The Symphony No. 4, Op. 71 by Malcolm Arnold was finished on 13 July 1960. It is in four movements:

I. Allegro
II. Vivace ma non troppo
III. Andantino
IV. Con fuoco

The work was commissioned by William Glock for the BBC. The composer conducted the first performance with the BBC Symphony Orchestra on 2 November 1960 at the Royal Festival Hall.
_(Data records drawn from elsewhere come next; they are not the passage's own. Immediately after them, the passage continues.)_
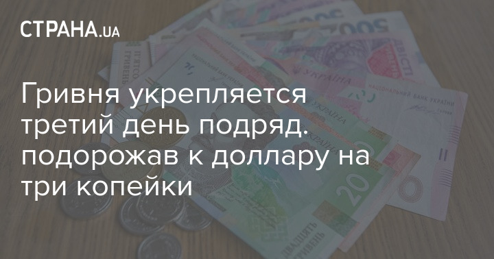 Гривня укрепляется третий день подряд. подорожав к доллару на три копейки
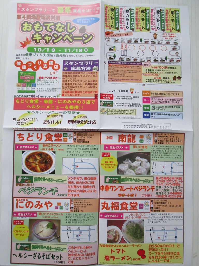 10月1日から11月19日までの間、「五泉市健康つくり支援店」では、第4回地産地消料理おもてなしキャンペーンを開催中です。
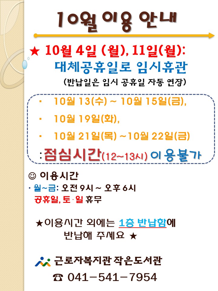 10월 작은도서관 휴관 안내
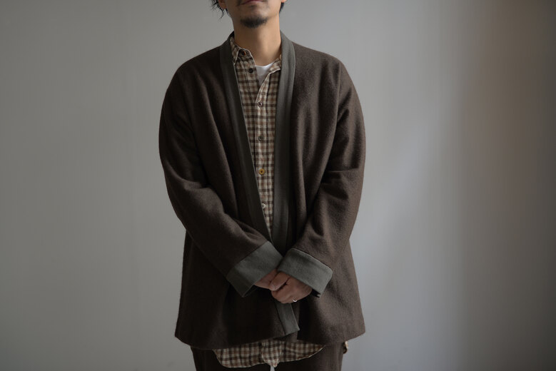 カシミアに包まれる心地よさを知ってしまうと、寒くなる事が楽しみになっている。体の芯からジワッと温まるあの感覚、素肌の上から着たくなる程の柔らかさ。クセになってしまう素材である。今までローゲージやミドルくらいの物をご提案してきたが、今年は少し薄手で体にフィットし、ジャケットやコートが着やすい物を探していた。それもカーディガンだと尚更良し。そして見つけたのがsuzusanのサイドシームのないカシミアカーディガン。内モンゴル産の上質なカシミア。偶然が重なり、毛玉の出にくい生地になったそう。染めはマダラ絞り。写真ではマスタードイエローが割とハッキリ写っているが、実際はもう少しブラウンと馴染んでおり、とても上品な印象だ。どうしても染めに目がいくが、素材や作りも本当に素晴らしい。
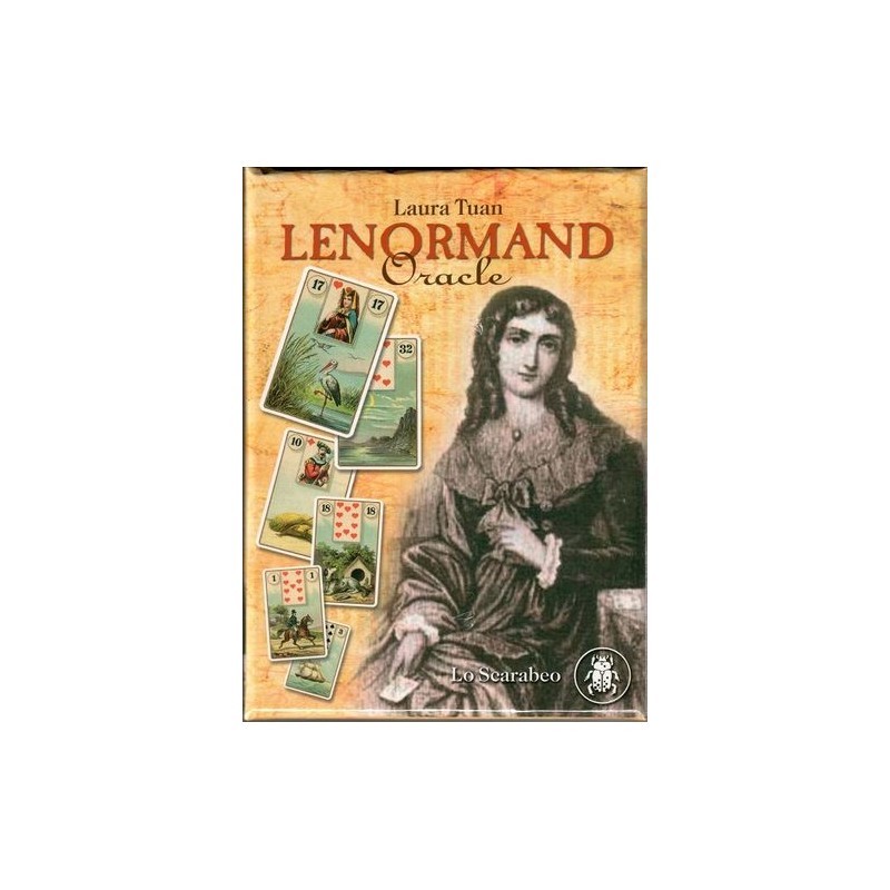 Oráculo Lenormand, Editorial Scarabeo, Autora Lua Tuan, Libro Guia y 36 cartas, 10 x 13,5 cm.
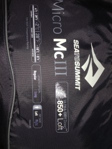 Sleeping bag is a Sea to Summit Micro McIII and is definitely one of my more extravagant purchasers as being warm, but being able to pack it down small and keep weight down is really important, and although it quotes 4 degrees as the comfort level and -2 as lower limit, the addition of a fleece liner will keep you snug as a bug at -5 easily, trust me because I have done this on a couple of occasions! I think I would be okay as low as -10 before I needed to wear some thermals. It also zips open completely and can be used more duvet like on a warmer night.
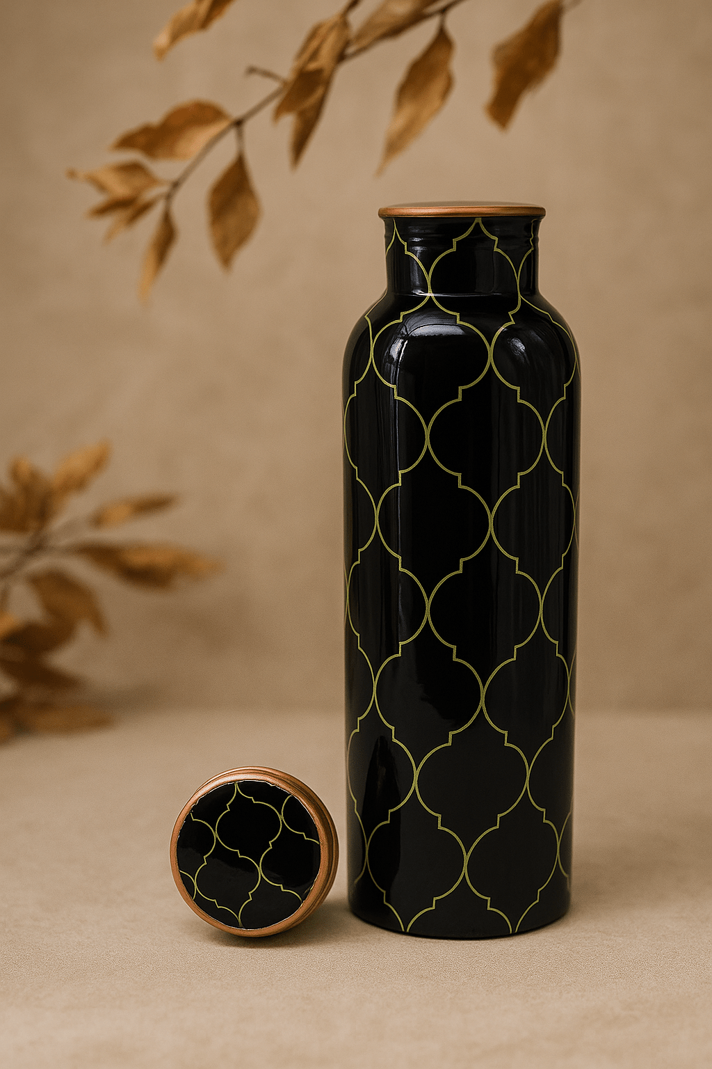 & Free ShippingElegant black and yellow copper bottle with mandala art. Made from pure copper for traditional health benefits. 1L capacity
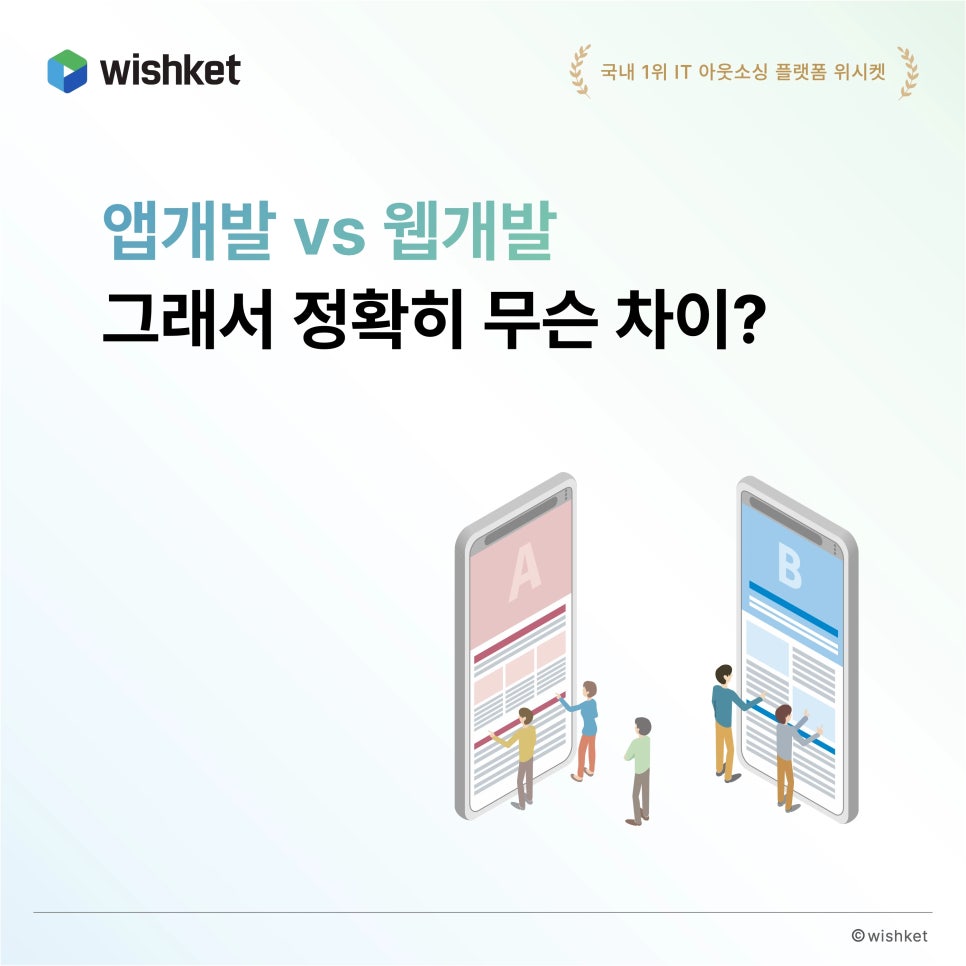 비슷해 보이지만, 큰 차이를 보이는 앱(app)과 웹(web)의 차이. 포털사이트에서도 둘 사이 전향을 고민하는 개발자들의 고민을 어렵지 않게 볼 수 있는데요. 둘의 차이가 대체 어떻길래, 개발업계는 둘을 다른 영역으로 보고 있는 걸까요? 위시켓이 앱개발과 웹개발의 차이를 가장 쉽게 설명해 드립니다. 아래를 보고 우리 회사에는 앱개발과 웹개발 중 어떤 방식을 채택해야 할지 선택의 방향을 가늠해 보세요.
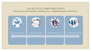 Las TIC representan un reto para los docentes, quienes pueden contribuir a su implementación a través de la innovación, motivación, cooperación e interacción. Algunas estrategias para motivar a los estudiantes a estudiar carreras TI incluyen actividades de reflexión sobre el proyecto de vida, videos sobre las profesiones más requeridas y presentaciones sobre los títulos que otorgan los estudios de TI. Los docentes pueden incorporar las TIC en el aula teniendo en cuenta el área, grado y herramientas tecnológicas disponibles
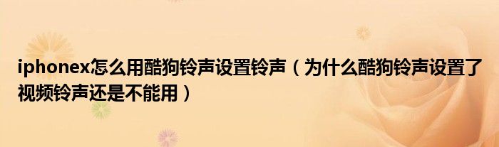 大家好,跳跳为你解答以上问题。iphonex怎么用酷狗铃声设置铃声,为什么酷狗铃声设置了视频铃声还是不能用这个问题很多人还不知道,现在让我们一起来看看吧!

The composer wrote in 1971 that the symphony was a reaction to the Notting Hill race riots of 1958. He was appalled that such a thing could happen in Britain. And expressed his hope that it might help to spread the idea of racial integration.

Instrumentation
The symphony is scored for the following large orchestra:

Piccolo, 2 flutes, 2 oboes, 2 clarinets, 2 bassoons, contrabassoon, 4 horns, 3 trumpets, 3 trombones, tuba, timpani, bass drum, snare drum, bongos, tom-toms, maracas, tam-tam, marimba, celesta, harp and strings.

Commercial recordings
1974  Malcolm Arnold and the BBC Symphony Orchestra on ARIES LP (Bootleg of the 2nd performance in 1960, the credits on the LP are bogus)
1990  Malcolm Arnold and the London Philharmonic Orchestra on Lyrita SRCD.200 (Lyrita's first CD only release)
1994 Richard Hickox and the London Symphony Orchestra on Chandos Records CHAN 9290 
1996 Vernon Handley and the Royal Liverpool Philharmonic on Conifer Records 75605-51258-2 (re-released on Decca 4765337)
1998 Andrew Penny and the RTÉ National Symphony Orchestra on Naxos Records 8.553739 (recorded 13–14 June 1996, in the presence of the composer)

References
Chester-Novello page on the Symphony Contains programme notes by the composer.